The History of the Decline and Fall of the Roman Empire - Edward Gibbon [734]
[Footnote 124: At Nisibis he performed a royal act. A brave officer, his namesake, who had been thought worthy of the purple, was dragged from supper, thrown into a well, and stoned to death without any form of trial or evidence of guilt. Anomian. xxv. 8.]
[Footnote 125: See xxv. 9, and Zosimus, l. iii. p. 194, 195.]
[Footnote 126: Chron. Paschal. p. 300. The ecclesiastical Notitie may be consulted.]
[Footnote 127: Zosimus, l. iii. p. 192, 193. Sextus Rufus de Provinciis, c. 29. Augustin de Civitat. Dei, l. iv. c. 29. This general position must be applied and interpreted with some caution.]

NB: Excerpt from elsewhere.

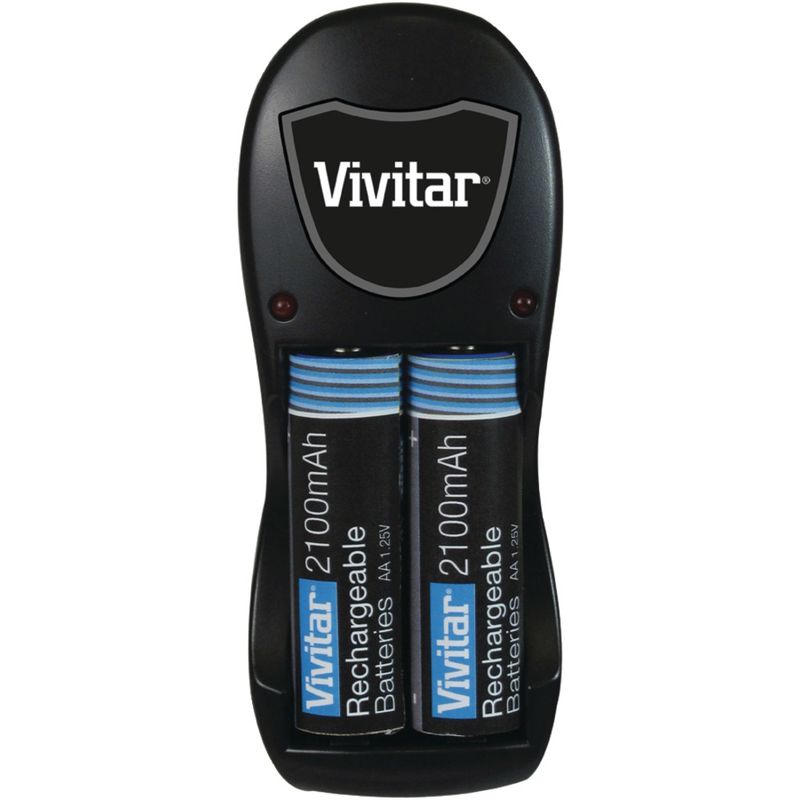 VIVITAR VIV-BC-162 Compact Travel Charger Fits AAA & AA batteries; Flip-out AC plug; Includes 2 AA, high-capacity NiMH batteries

After Jovian had performed those engagements which the voice of his people might have tempted him to violate, he hastened away from the scene of his disgrace, and proceeded with his whole court to enjoy the luxury of Antioch. ^128 Without consulting the dictates of religious zeal, he was prompted, by humanity and gratitude, to bestow the last honors on the remains of his deceased sovereign: ^129 and Procopius, who sincerely bewailed the loss of his kinsman, was removed from the command of the army, under the decent pretence of conducting the funeral. The corpse of Julian was transported from Nisibis to Tarsus, in a slow march of fifteen days; and, as it passed through the cities of the East, was saluted by the hostile factions, with mournful lamentations and clamorous insults. The Pagans already placed their beloved hero in the rank of those gods whose worship he had restored; while the invectives of the Christians pursued the soul of the Apostate to hell, and his body to the grave. ^130 One party lamented the approaching ruin of their altars; the other celebrated the marvellous deliverance of their church. The Christians applauded, in lofty and ambiguous strains, the stroke of divine vengeance, which had been so long suspended over the guilty head of Julian. They acknowledge, that the death of the tyrant, at the instant he expired beyond the Tigris, was revealed to the saints of Egypt, Syria, and Cappadocia; ^131 and instead of suffering him to fall by the Persian darts, their indiscretion ascribed the heroic deed to the obscure hand of some mortal or immortal champion of the faith. ^132 Such imprudent declarations were eagerly adopted by the malice, or credulity, of their adversaries; ^133 who darkly insinuated, or confidently asserted, that the governors of the church had instigated and directed the fanaticism of a domestic assassin. ^134 Above sixteen years after the death of Julian, the charge was solemnly and vehemently urged, in a public oration, addressed by Libanius to the emperor Theodosius. His suspicions are unsupported by fact or argument; and we can only esteem the generous zeal of the sophist of Antioch for the cold and neglected ashes of his friend. ^135
[Footnote 128: Ammianus, xxv. 9. Zosimus, l. iii. p. 196. He might be edax, vino Venerique indulgens. But I agree with La Bleterie (tom. i. p. 148-154) in rejecting the foolish report of a Bacchanalian riot (ap. Suidam) celebrated at Antioch, by the emperor, his wife, and a troop of concubines.]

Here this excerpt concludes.